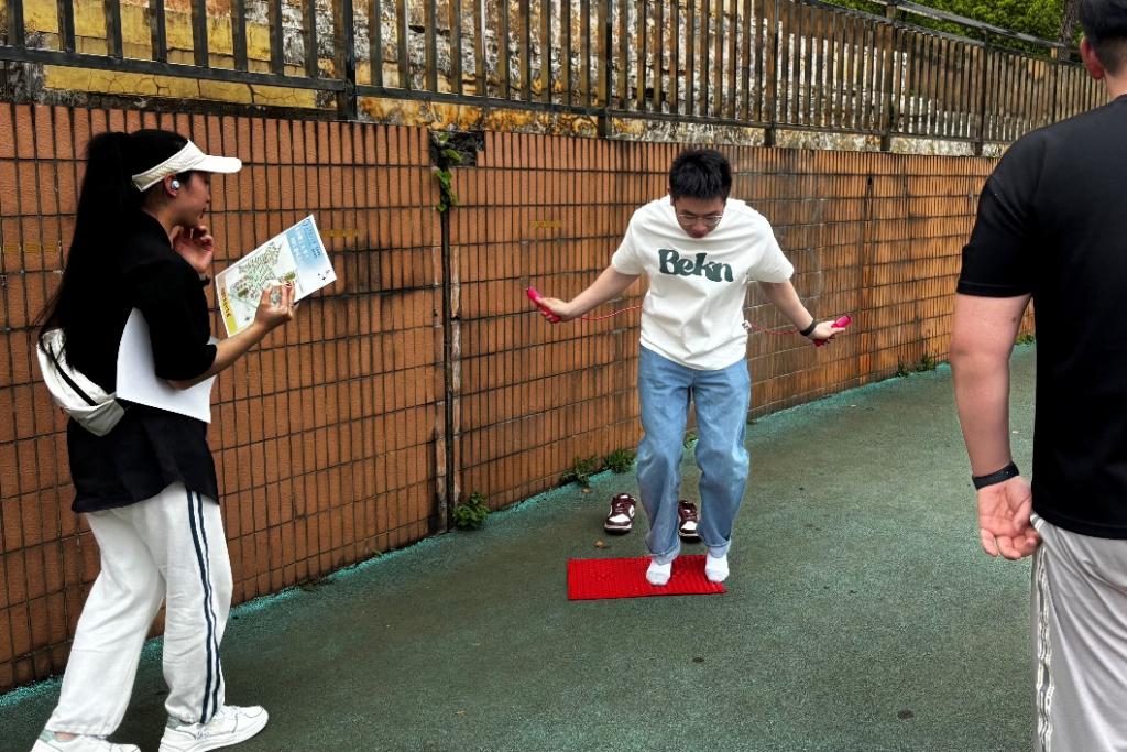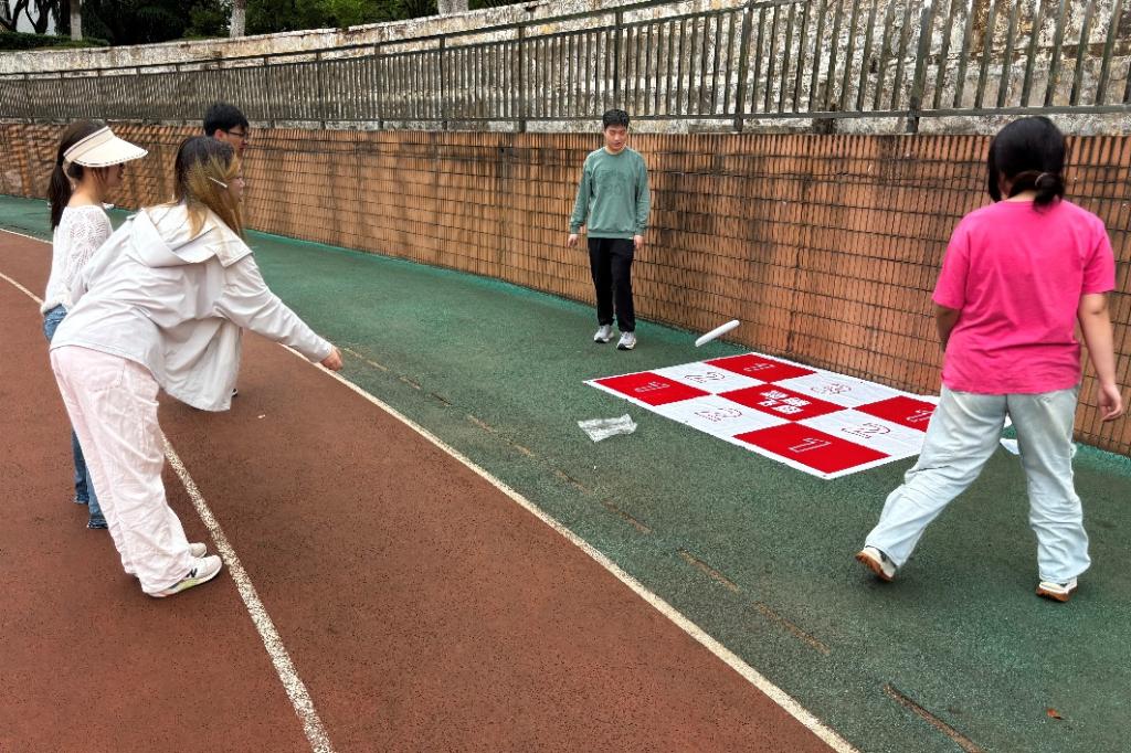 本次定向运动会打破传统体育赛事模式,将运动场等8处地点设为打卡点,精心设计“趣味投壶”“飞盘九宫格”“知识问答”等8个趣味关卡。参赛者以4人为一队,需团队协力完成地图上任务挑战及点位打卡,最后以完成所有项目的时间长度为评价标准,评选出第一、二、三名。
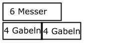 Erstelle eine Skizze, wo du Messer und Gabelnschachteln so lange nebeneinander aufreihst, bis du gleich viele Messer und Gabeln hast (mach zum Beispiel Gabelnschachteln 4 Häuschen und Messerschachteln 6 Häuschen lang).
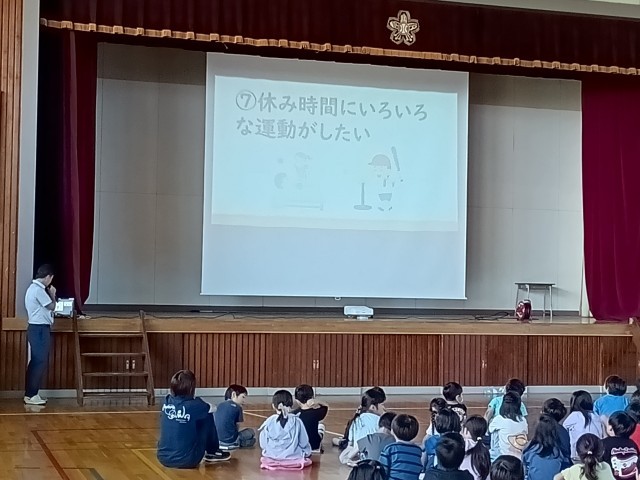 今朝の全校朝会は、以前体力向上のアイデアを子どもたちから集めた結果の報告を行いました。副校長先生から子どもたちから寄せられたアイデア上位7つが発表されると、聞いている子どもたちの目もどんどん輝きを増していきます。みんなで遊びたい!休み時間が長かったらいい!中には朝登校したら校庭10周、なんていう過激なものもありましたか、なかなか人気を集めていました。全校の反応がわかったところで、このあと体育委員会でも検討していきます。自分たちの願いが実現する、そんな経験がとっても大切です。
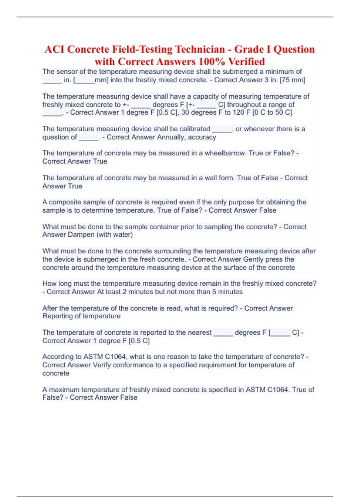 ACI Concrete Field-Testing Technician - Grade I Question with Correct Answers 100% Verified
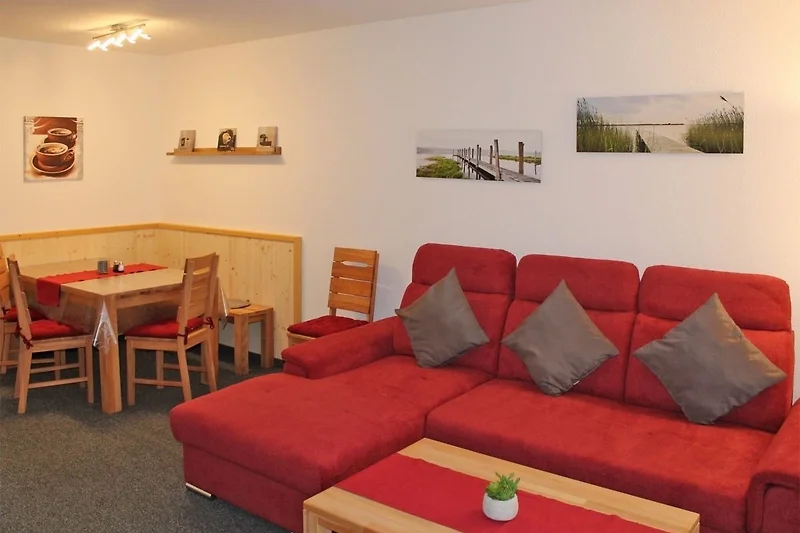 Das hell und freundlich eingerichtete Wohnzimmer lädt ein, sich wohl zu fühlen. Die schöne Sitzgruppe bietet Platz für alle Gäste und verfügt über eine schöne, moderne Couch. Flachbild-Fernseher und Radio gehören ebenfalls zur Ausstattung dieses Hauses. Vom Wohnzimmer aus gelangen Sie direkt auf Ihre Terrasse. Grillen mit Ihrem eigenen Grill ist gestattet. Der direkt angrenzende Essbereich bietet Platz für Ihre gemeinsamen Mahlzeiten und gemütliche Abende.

• TASK BRIEF: From the material above, reproduce only what runs from the line holding "今朝の全校朝会は、以前体力向" down to the line holding "ACI Concrete Field-Testing", both included, pictures excluded.

• WRITTEN REPLY:
 今朝の全校朝会は、以前体力向上のアイデアを子どもたちから集めた結果の報告を行いました。副校長先生から子どもたちから寄せられたアイデア上位7つが発表されると、聞いている子どもたちの目もどんどん輝きを増していきます。みんなで遊びたい!休み時間が長かったらいい!中には朝登校したら校庭10周、なんていう過激なものもありましたか、なかなか人気を集めていました。全校の反応がわかったところで、このあと体育委員会でも検討していきます。自分たちの願いが実現する、そんな経験がとっても大切です。
 ACI Concrete Field-Testing Technician - Grade I Question with Correct Answers 100% Verified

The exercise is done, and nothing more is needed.